Обычно интервью берут у музыкантов, реже — у промоутеров и людей из шоу-бизнеса, практически никогда — у журналистов. Но Андрей Горохов — личность, известная любителям электронной музыки. Автор радиопрограммы на "Немецкой волне", сайта в Интернете, интересной книги. Все эти виды его деятельности объединяет одно короткое и емкое слово — "Музпросвет"

— Как вы относитесь к своему "культовому" статусу? Смысл вопроса касается и преданности ваших поклонников, и вашей культпросветдеятельности.
— Не сочтите за кокетство, но я вовсе не уверен в культовости моего статуса. Я не очень понимаю, как воспринимаюсь за тысячи километров от места своего физического пребывания и кем именно я воспринимаюсь. Мне многократно сообщали, что я — марсианин, что я страшно далек от народа. То есть я более "чужой", чем, условно говоря, "классный". Кое-кому, кто регулярно рыскает по Интернету в поисках музыки и разнообразных сведений/мнений о ней, я, надеюсь, известен. Но в каком качестве? И сколько таких людей, мной предположительно очарованных? Я уговариваю себя, что даю пищу для ума неглупым молодым людям и девушкам. И они это замечают. А также я тешу себя представлением, что делаю нужное дело. Интернет, вообще, сильно искажает реальность. Получаешь в один день два письма — одно из Владивостока, другое из Винницы, — и кажется, что с тобой говорит половина земного шара. Что далеко не так.
— Вы иногда употребляете выражение "был бы я моложе и злее"… Считаете ли вы себя достаточно "пожилым", видавшим виды человеком, которого сложно удивить или не на шутку разозлить?
— Ну, удивить и тем более разозлить меня вовсе не сложно. Удивляюсь и злюсь охотно и самозабвенно. Я, действительно, слышал очень много разной музыки, но ощущения, что я "слышал все" или что "все это уже было" у меня вовсе нет. Выражение "был бы я моложе и злее" я применяю как ссылку на времена 3-4-5-летней давности, когда я довольно агрессивно и саркастично отвинчивал головы "легендам рока". Тогда именно это и называлось музпросвещением. Сейчас мне просто не интересно вчитываться в интервью, скажем, OASIS, или Дэвида Боуи, или U2, или DEPECHE MODE и отделять зерна от плевел, мысли художника от усталой PR-стратегии. Эти интервью не слишком изменились за последние семь лет.
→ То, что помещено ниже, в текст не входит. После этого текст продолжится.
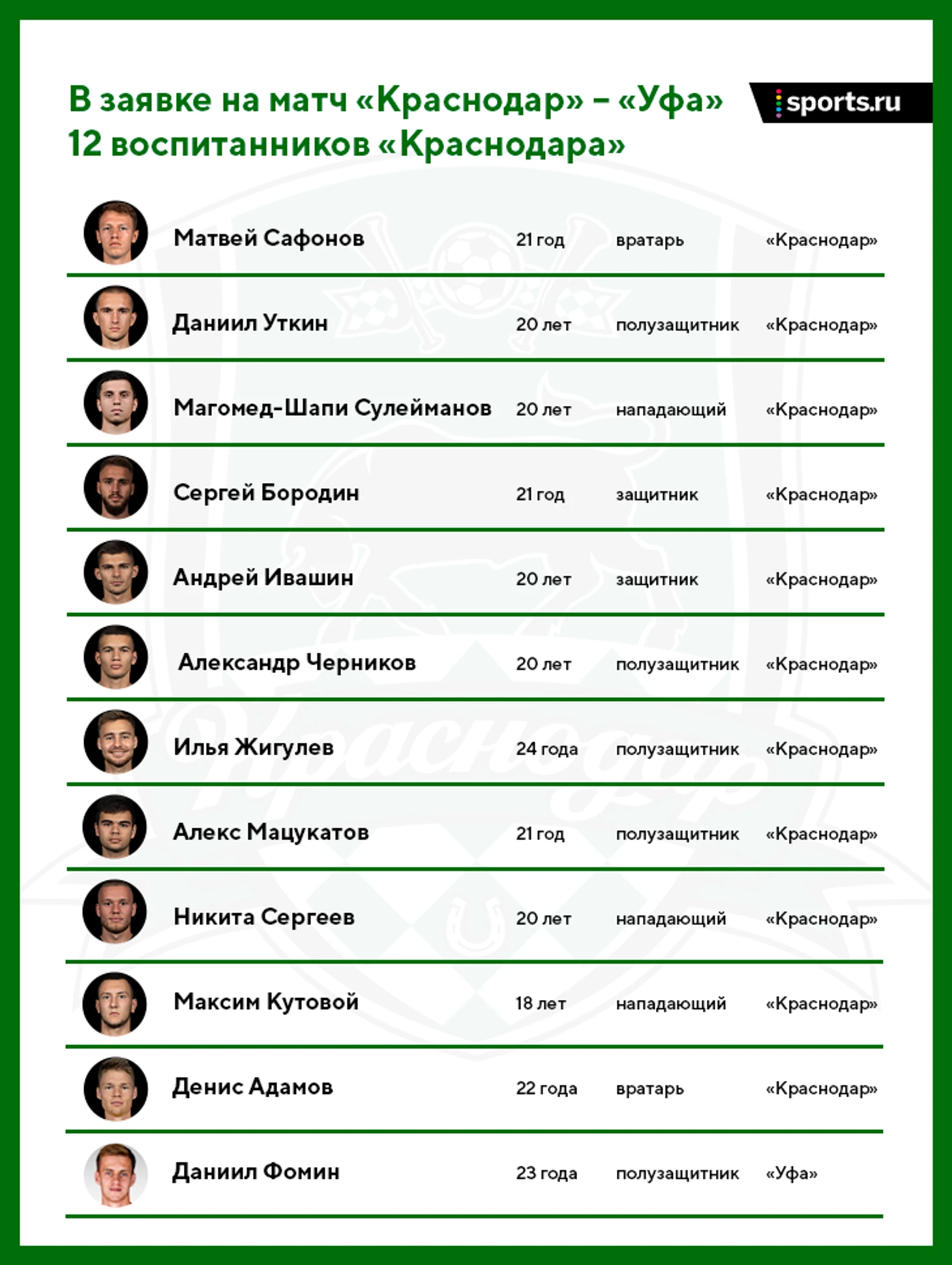 Случилось практически историческое событие: в заявке команды «Краснодара» на матч с «Уфой» было 12 воспитанников «Краснодара». 11 – в «Краснодаре», 1 – в «Уфе».

Обязанности ввести слушателя в курс дела при появлении новых альбомов, скажем, Tricky, PORTISHEAD, Тома Уэйтса и прочих я не чувствую. Если музыка — так себе, то это всем видно и без моего раздувания щек и выпучивания глаз. Сегодня я могу позволить себе быть более старым и менее злым.
— Каким образом вам удается так широко, глубоко, разнообразно рецензировать альбомы, остроумно и нестандартно брать интервью? Причем вы сами признавались, что иногда идете на интервью, не готовя вопросы заранее. Есть ли у вас дополнительное филологическое и/или культуроведческое (само)образование?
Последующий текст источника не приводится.